In addition, collections of diffraction data sets will serve as training sets for the development of new algorithms and hardware. All instruments commonly used in macromolecular X-ray diffraction studies require calibration. For example, two-dimensional CCD-based detectors produce images that require corrections for spatial distortions and local non-uniformity in response to incoming X-rays. Both calibrated and uncalibrated diffraction images for a given detector are of value in the development of calibration procedures and new detectors. In addition, an archive of systematically processed and organized images is a valuable resource for the development of new algorithms and software for diffraction-image processing. For example, the traditional practice of ‘cutting’ diffraction data at the resolution where 〈I/σ(I)〉 in the highest resolution shell falls below 2.0 may be too conservative, and may result in the loss of usable high-resolution reflections. Two measures that have been proposed to better identify the optimal resolution limit for a given set of diffraction images are the CC* and CC1/2 statistics (Diederichs & Karplus, 2013 ▸; Karplus & Diederichs, 2012 ▸), although these statistics were derived from limited data sets (Luo et al., 2014 ▸). The public availability of a large collection of raw diffraction images constitutes a resource to facilitate the development of improved statistical methods for data analysis.

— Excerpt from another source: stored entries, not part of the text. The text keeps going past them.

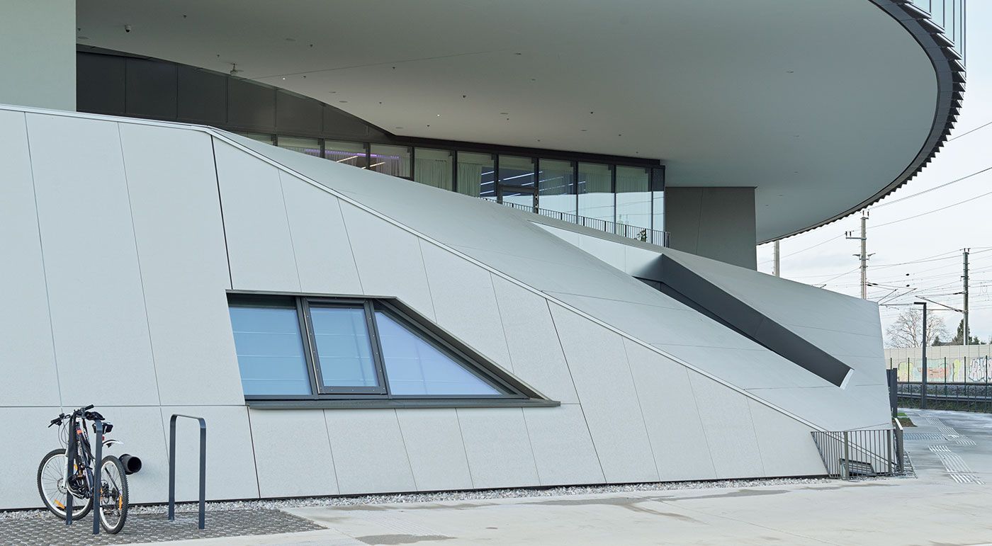 Das architektonische Highlight vereint moderne Büro- und Showroomflächen, ein internationales Hotel, ein Fitnessstudio sowie exzellente Gastronomie und setzt neue Maßstäbe für Funktionalität und Gestaltung. Beim Österreichischen Stahlbaupreis erhielt das Gebäude eine Anerkennung in der Kategorie „Leichtigkeit mit Stahl“. Fotos: Ditz Fejer
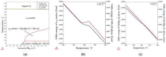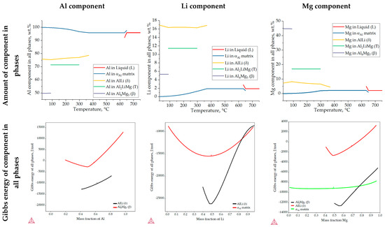 Figure 6 shows the results of the one axis equilibrium calculation of the component distribution in all the phases and the calculation of the Gibbs energy as a function of the mass fraction of the components at a temperature of 25.0 °C. The consideration of the component distribution in the liquid (L) phase stopped with the development of the αAl dendritic network, confirming that it is the only solidifying phase in the Al-2.18Mg-1.92Li alloy system (Figure 6). The precipitation of intermetallic phases leads to a decrease in the content of Mg and Li in the αAl matrix (Figure 6). The Al2LiMg (T) phase retains the same chemical composition of 71.5 wt.% Al, 11.4 wt.% Li and 17.1 wt.% Mg until the temperature reaches 89.1 °C when it stops precipitating (Figure 6). A similar behavior is exhibited by the Al8Mg5 (β) phase, which maintains a chemical composition of 27.8 wt.% Al, 44.7 wt.% Mg and 5.4 wt.% Li from 89.1 °C (Table 3) to the end of the solidification sequence (Figure 6). The influence of Mg on reducing the solid solubility of Li in the αAl matrix as well as its tendency to substitute Li atoms in the binary Al-Li phase lattice can be observed at the end of the solidification sequence, when the precipitation of the Al8Mg5 (β) phase leads to an increase in the Li content in the AlLi (δ) phase from 16.3 wt.% to 17.0 wt.%, while the Mg content decreases from 8.3 wt.% to 7.2 wt.% (Figure 6). This redistribution of components can explain the deviation in the Gibbs energy of the Al8Mg5 (β) phase in the temperature range of 633.0 to 648.0 °C (Figure 5c). The one axis equilibrium calculation showed no bulking of the αAl matrix with Li or Mg at the end of solidification (Figure 6).
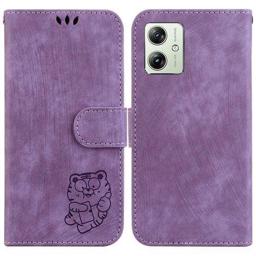 Funda de Cuero en Relieve para Motorola Moto G54 Little Tiger (Púrpura)
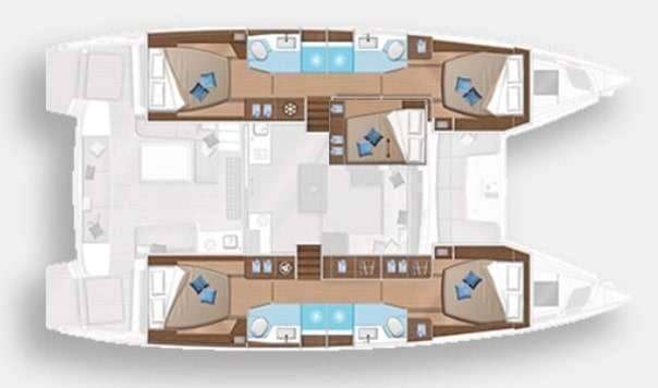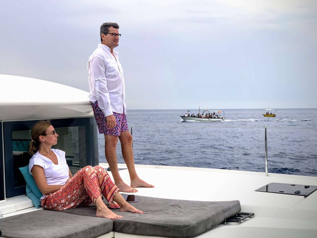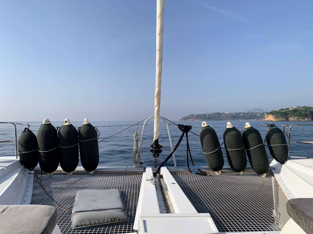 Luxus-Crew-Katamaran OHANA, Baujahr 2019, liegt vor Anker in W. Med -Naples/Sicily. Sie verfügt über 4 Kabinen und bietet Platz für 8 Personen.

Last but not least, access to raw diffraction data can further improve the quality of macromolecular X-ray crystallography by facilitating the detection of errors and the identification of (potential) fraud. There have been cases where significant errors were discovered in the published crystal structures of macromolecules (Chang et al., 2006 ▸; Matthews, 2007 ▸; Zaborsky et al., 2012 ▸; Rupp, 2012 ▸). Some of these cases have resulted in notable retractions. In addition, examples of questionable interpretations of key components of crystal structures, such as ligands modelled into weak or non-existing electron density that cannot justify their presence, have been identified (Weichenberger et al., 2013 ▸). The need for model verification has prompted the development of numerous advances in macromolecular structure validation, such as the now obligatory R free factor (Brünger, 1992 ▸) and more recently the RSRZ test (Kleywegt et al., 2004 ▸) in the new wwPDB validation tools, MolProbity (Davis et al., 2007 ▸; Chen et al., 2010 ▸) and other statistical quality indicators (Tickle, 2012 ▸). Nevertheless, a number of problems cannot be rectified from the atomic coordinates and SF data alone, such as errors in space-group assignment and an inappropriate choice of resolution-limit cutoff.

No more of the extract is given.